The firm has downgraded the rating from Baa2 on a stable outlook to Baa3 on a negative outlook, which also applies to the rating for the company’s medium-term note program.
Earlier in the year, the construction company put its plumbing and bathroom supplies business Tradelink up for sale – the deadline for non-indicative bids is the end of this week – as it swung to a first-half loss of $113 million. It is expected to report a hefty full-year loss, and CEO Ross Taylor and chairman Bruce Hassall will be leaving later this year.
Fletcher Building said the amended rating does not have a material impact on the company’s cost of funding in the near-term.
Fletcher Building acting CEO, Nick Traber, said, “The company remains committed to the credit metrics which underpin our original rating of Baa2 on a stable outlook.
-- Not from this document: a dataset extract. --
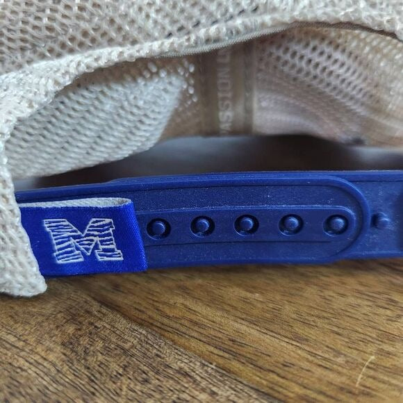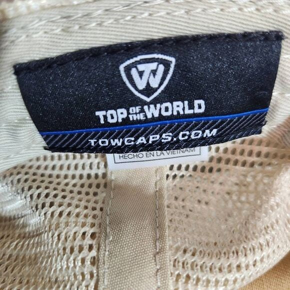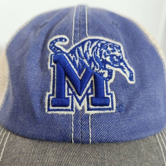Top of the World Memphis Tigers hat features an embroidered logo on the front and cream mesh trucker-style back. Plastic adjustable snap-style strap. Great condition.

We will continue to work with Moody’s with an objective of returning our rating to this level over time.”
The downgrade comes a few days after Fletcher Building announced amendments to its banking agreements which will extend the tenor of its debt facilities, which it said would “enable it to rely on more favourable terms for covenant testing through to the end of calendar 2025 if required”.
“Given the current market environment and outlook, we have taken pre-emptive steps to reinforce the company’s resilience for the medium-term to position ourselves to navigate the tougher trading conditions,” Traber said on Monday.
The company has between $0.8 billion and $0.9 billion of liquidity expected as at the end of FY24.
An agreement on a $674.5m facility scheduled to expire in October 2025 extends the expiry date for the facility into two longer-dated maturities; $424.5 million will now expire in July 2027, and $250 million will expire in May 2029.